The cover indicates this. That of the second edition featured the dowdy Imperial Palace, but the cover of this new publication features in all of its glitzy glory the Mori Tower in Roppongi Hills. This latest of Tokyo sights is also now located on the corrected maps, along with the reconstructions of such areas as Shinagawa and Shiodome.

Other additions include a number of new towns and train/subway stations due to the extension of existing lines and the inauguration of new ones such as the Haneda-bound Keikyu Kuko. These numbers help swell the index from 3,600 to 4,000 designations.

Other changes are wrought by reforms — all of them geographical — in the government. In Kasumigaseki, the Ministry of Foreign Affairs has now taken over the whole building it used to share with the ministries of culture, sports, etc. I don’t know where they went.

Other typical changes involve the number of bank-name alterations. As financial disaster threatened, the Asahi became the Resona, the Dai-Ichi Kangyo became the Mizuho, and all has been accounted for by changes and additions on the maps.

The original maps themselves remain, however, and the pagination of the new edition is as it was in the old. Other than recent stations, nothing new has been added to Tokyo’s admirable public transportation systems, and some things have been left out. The new Maruzen in front of Tokyo Station is not there while the Kinokuniya supermarket in Aoyama is there, even though it has now moved blocks away.

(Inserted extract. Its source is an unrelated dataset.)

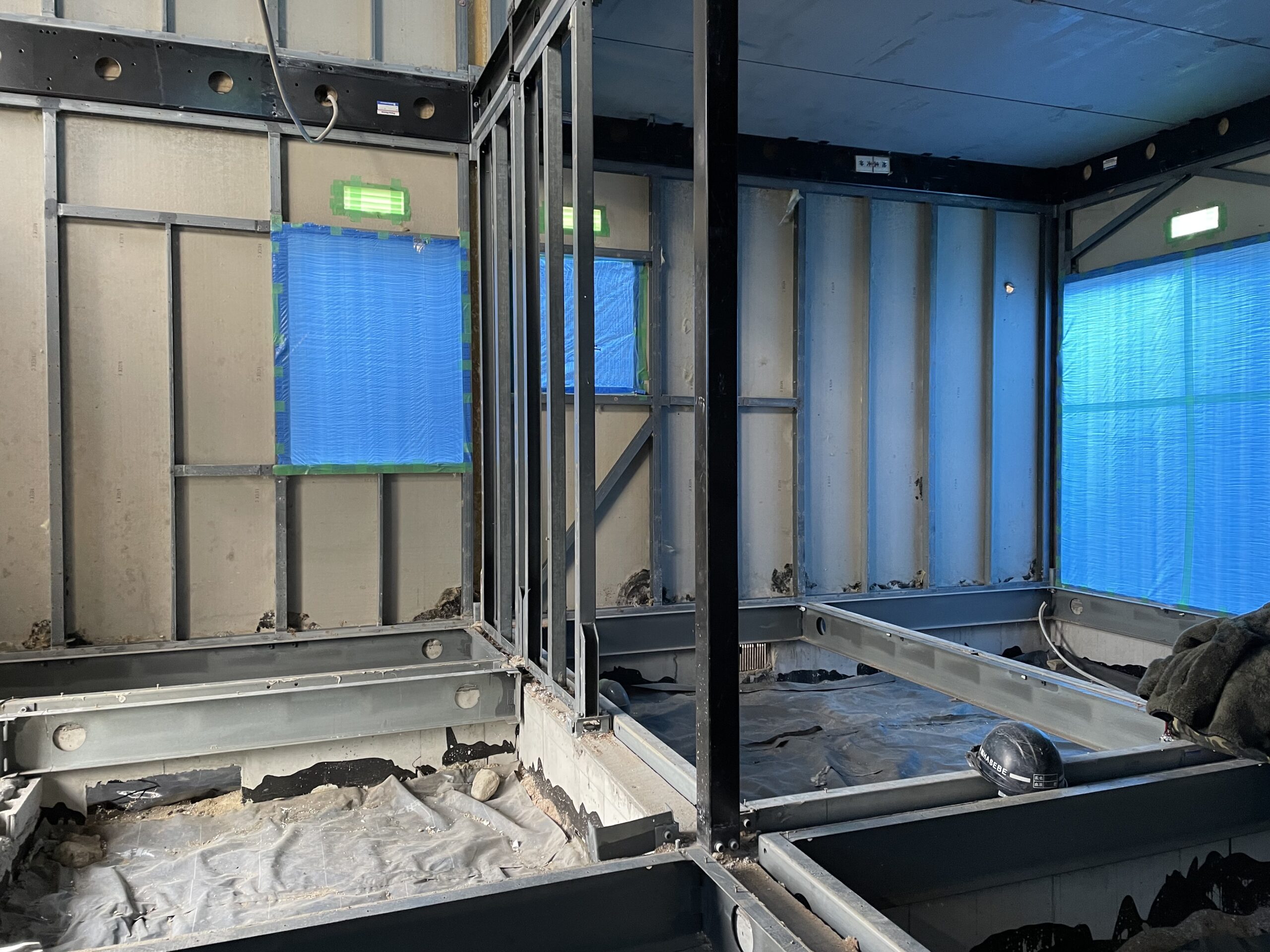 外壁の一部が解体されて、サッシがあった部分にはブルーシートで養生をしています。
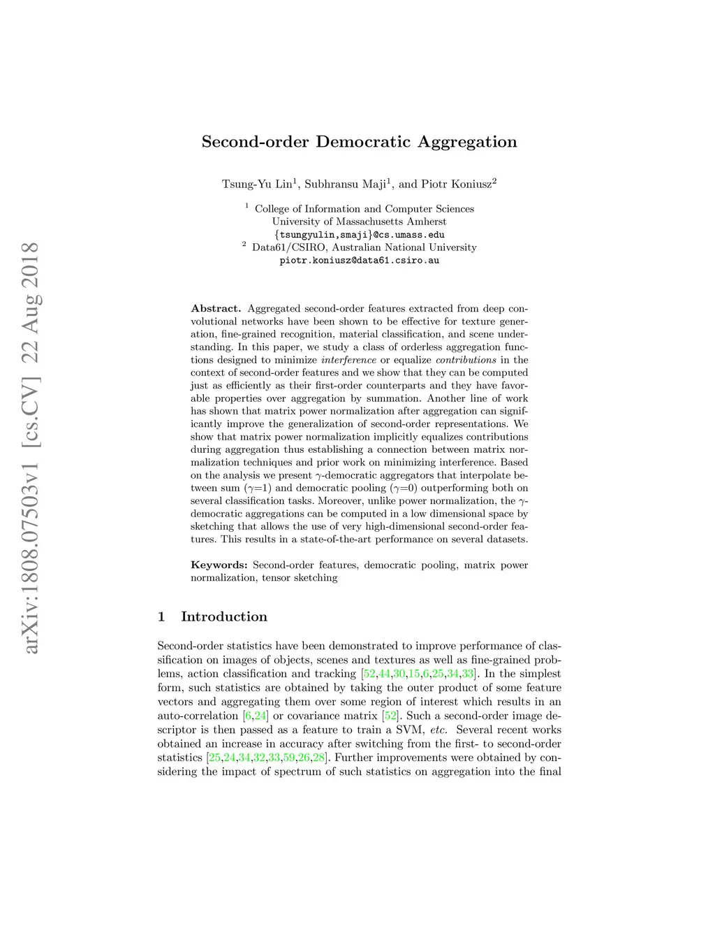 Aggregated second-order features extracted from deep convolutional networks have been shown to be effective for texture generation, fine-grained recognition, material classification, and scene understanding. In this paper, we study a class of orderless aggregation functions designed to minimize interference or equalize contributions in the context of second-order features and we show that they can be computed just as efficiently as their first-order counterparts and they have favorable properties over aggregation by summation. Another line of work has shown that matrix power normalization after aggregation can significantly improve the generalization of second-order representations. We show that matrix power normalization implicitly equalizes contributions during aggregation thus establishing a connection between matrix normalization techniques and prior work on minimizing interference. Based on the analysis we present {\gamma}-democratic aggregators that interpolate between sum ({\gamma}=1) and democratic pooling ({\gamma}=0) outperforming both on several classification tasks. Moreover, unlike power normalization, the {\gamma}-democratic aggregations can be computed in a low dimensional space by sketching that allows the use of very high-dimensional second-order features. This results in a state-of-the-art performance on several datasets.

The things that have made this guide so valuable remain. There are 21 maps of metropolitan Tokyo, and not only the chome numbers but also the banchi (block) numbers are indicated. Supporting these are 18 maps of central Tokyo that include all sorts of helpful details.

Station entries are indicated, and subway station exits are numbered to correspond to those numbers actually in the subway.

I suppose it would be too much to expect the escalators and elevators of the various stations to also be listed. (You spend more time on the escalator in the very deep Oedo Line than you do in the subway car itself.) That this inclusion is too much to ask is indicated by there being no such information at all.

There are, however, seven extra maps of central Yokohama and Kawasaki and “access maps” to the three remaining bits of the Allied Occupation that otherwise ended in 1952 — Camps Yokota and Zama, and Yokosuka U.S. Navy Base. There are also a number of distracting arrows, for the convenience of anyone foolish enough to drive in Tokyo, that indicate ways to escape to the expressways.

In addition there are two detailed transportation maps — one of the Metropolitan Tokyo Rail System and one of the Tokyo Subway System. There is, however, no indication that not one but two subway systems exist in Tokyo and that you are expected to pay different fares for each, or else you will be balked while trying to transfer, or even exit.

All the maps are boldly color-coded — stations are red, parks are green, hotels tend to be pink and all the rest seems done up in shades of tan. This does not lend precision, but then Tokyo is not a very precise place. It is so big and so sprawling that it no longer has real borders. Landmarks from the past are more difficult to locate than they are in most modern capitals.

On the other hand, the different shades do discriminate. I am reminded of poet Elizabeth Bishop’s remark that “topography displays no favorites; north’s as near as west. More delicate than the historians’ are the map-makers’ colors.”

Some help is necessary as one explores this vast, fascinating, confusing city, and this new edition offers the best assistance.